◆ **EXERCISE OBJECTIVE**
The expected output is every line of the data exactly as shown, minus the images.

◆ **DATASET SECTION**
BEGIN
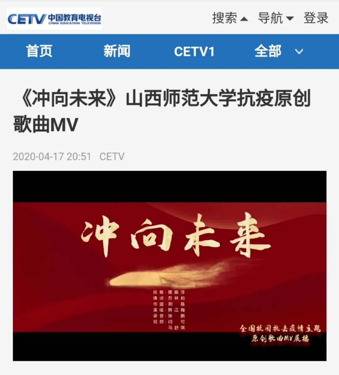 近日,走光视频 原创MV《冲向未来》被中国教育电视台在全国校园抗击疫情主题原创歌曲MV中展播。
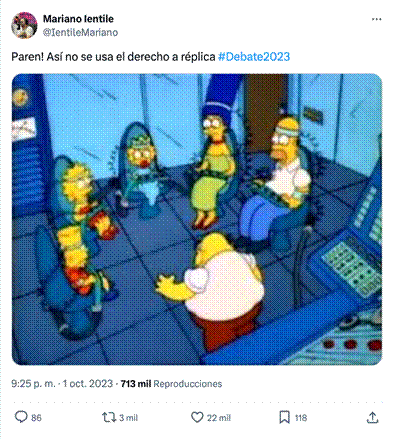 La Nación. (3 de octubre de 2023). Los memes del debate presidencial 2023: Massa, Milei, Bullrich, Bregman y Schiaretti. La Nación. https://www.lanacion.com.ar/politica/los-memes-del-debate-presidencial-2023-nid01102023/
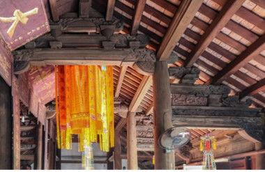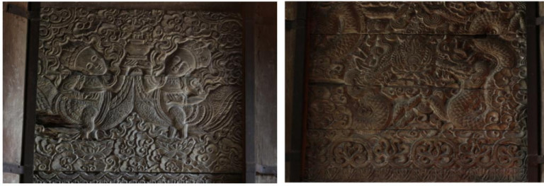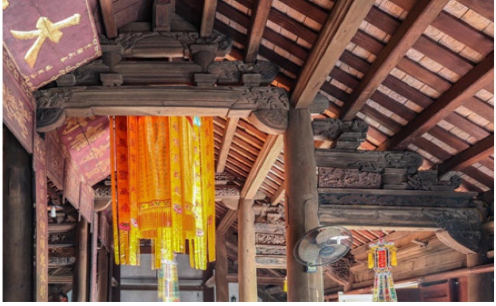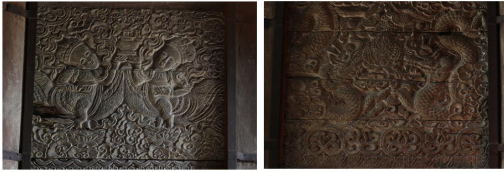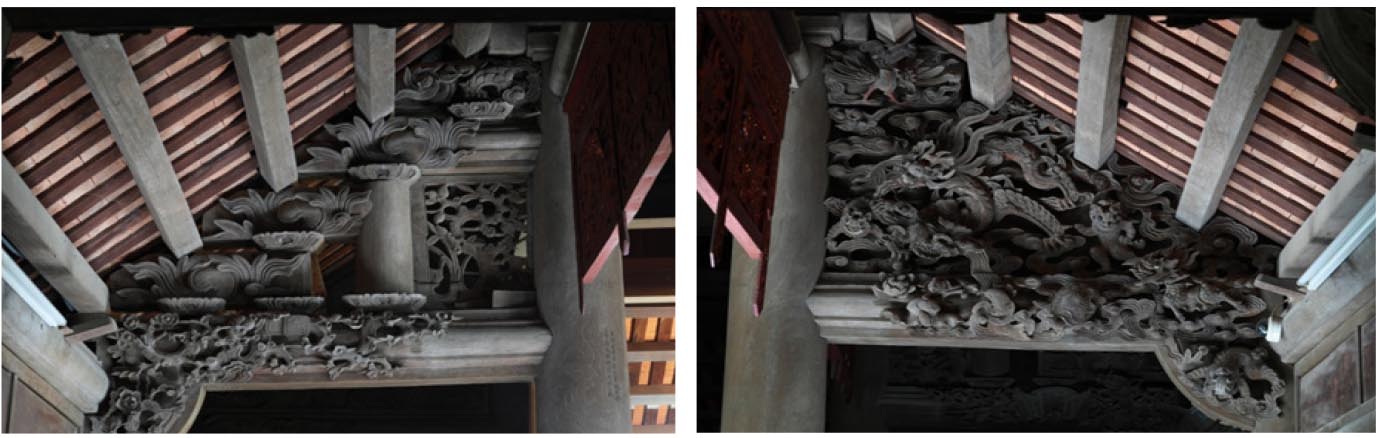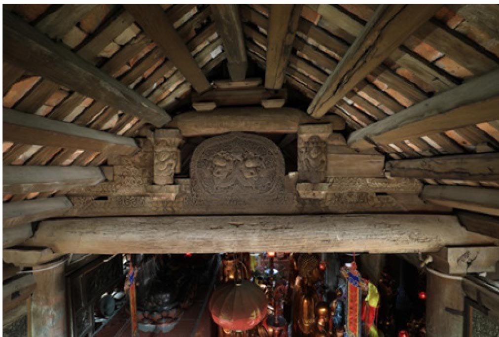 Để giảm sự thô cứng, các cấu kiện gỗ đỡ mái thường được nghệ nhân chạm khắc, trang trí những họa tiết hoa văn đặc sắc và mang dấu ấn đương thời. Những chạm khắc trang trí có giá trị nhất phải kể đến như ở ván lá đề trên Thượng điện chùa Dâu (Bắc Ninh), chùa Thái Lạc (Hưng Yên) với các hoa văn rồng, phượng, tiên nữ, phỗng mang phong cách nghệ thuật thời Trần (thế kỷ 14), có thể coi như những tác phẩm điêu khắc gỗ cổ nhất hiện còn trên kiến trúc ngôi chùa Việt.
END
◆ **YOUR RESPONSE**
 近日,走光视频 原创MV《冲向未来》被中国教育电视台在全国校园抗击疫情主题原创歌曲MV中展播。
 La Nación. (3 de octubre de 2023). Los memes del debate presidencial 2023: Massa, Milei, Bullrich, Bregman y Schiaretti. La Nación. https://www.lanacion.com.ar/politica/los-memes-del-debate-presidencial-2023-nid01102023/
 Để giảm sự thô cứng, các cấu kiện gỗ đỡ mái thường được nghệ nhân chạm khắc, trang trí những họa tiết hoa văn đặc sắc và mang dấu ấn đương thời. Những chạm khắc trang trí có giá trị nhất phải kể đến như ở ván lá đề trên Thượng điện chùa Dâu (Bắc Ninh), chùa Thái Lạc (Hưng Yên) với các hoa văn rồng, phượng, tiên nữ, phỗng mang phong cách nghệ thuật thời Trần (thế kỷ 14), có thể coi như những tác phẩm điêu khắc gỗ cổ nhất hiện còn trên kiến trúc ngôi chùa Việt.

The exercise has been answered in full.